As light on his feet as he likely was on a scale, the man had all the right moves and his partner did a respectable job of keeping up, though the concentration in her face and hints of hesitancy in her hips suggested she was his student. Dark patches of sweat appeared in his collared, long-sleeve shirt. Another younger couple, a sister teaching her brother, as it turns out, danced along, one eye on the instructor much of the time. When the music paused between songs, we and two other onlookers, drawn by the Caribbean rhythms in a Vietnamese night, applauded.

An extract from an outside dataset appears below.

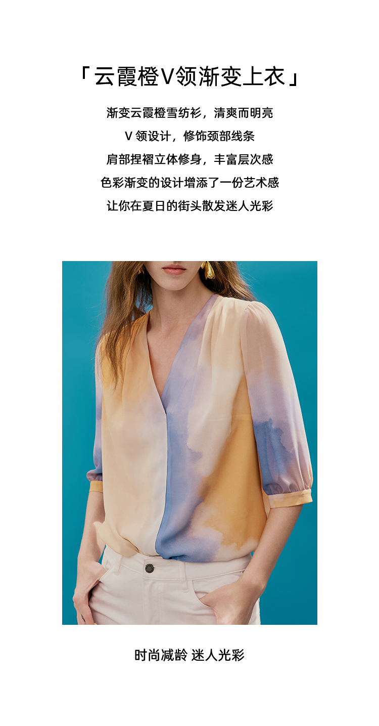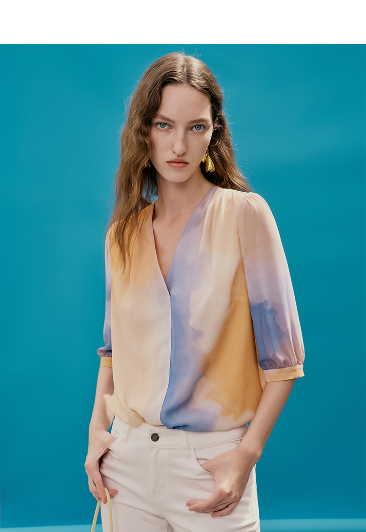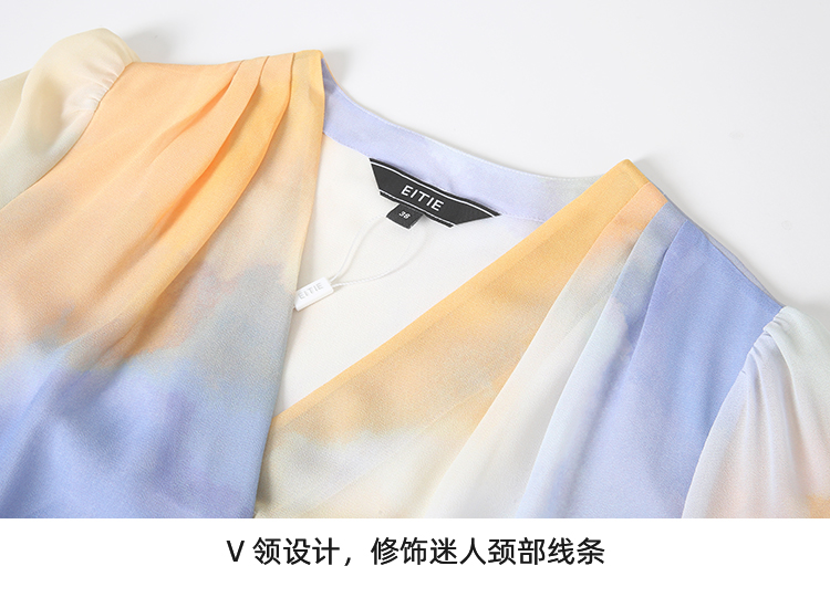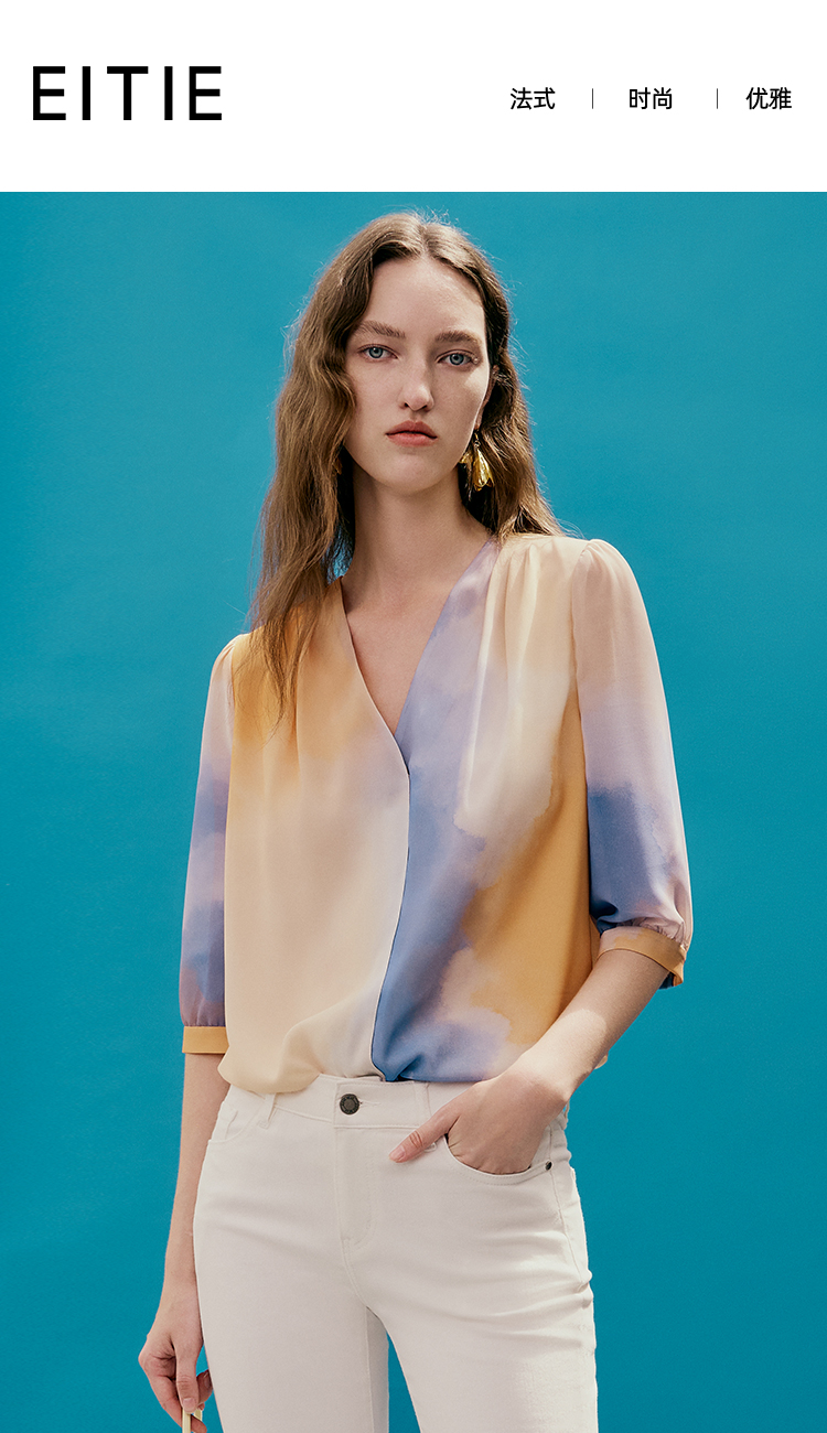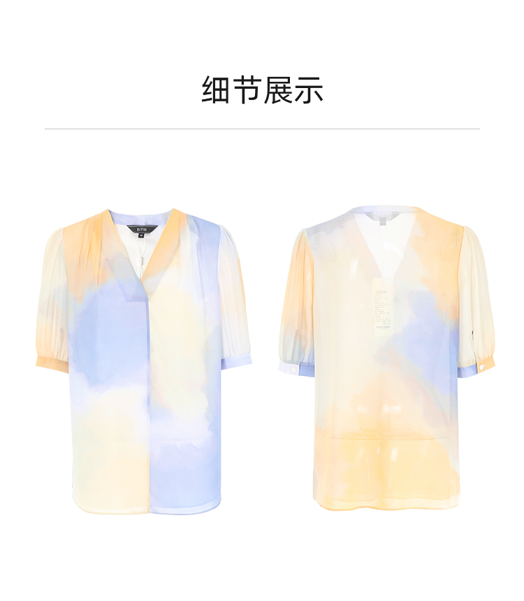 EITIE爱特爱夏季新款时尚个性扎染撞色印花衬衫上衣女7413121

The master came over and shook our hands, his free hand touching his elbow delicately, an Asian practice I feel adds a bit more grace to the gesture. Bao Thanh wouldn’t tell me how old he was, but he did admit that his love of dance dated back to when he learned at the “West Navy” school in Ho Chi Minh City, then Saigon. He served in the navy, if we understood correctly, under President Đình Diệm, who was assassinated in 1963. But surely not bachata. We asked him about this and he said, “Internet!” He brought over his smart phone and started loading a YouTube video of two Dominicans, and he pointed at the tiny dancers on the screen. Impressive.
After smiles and pleasantries, they returned to face the mirror and analyze one of Bao Thanh’s expert moves, and we stepped out into the night to cross the bridge back over the Perfume River.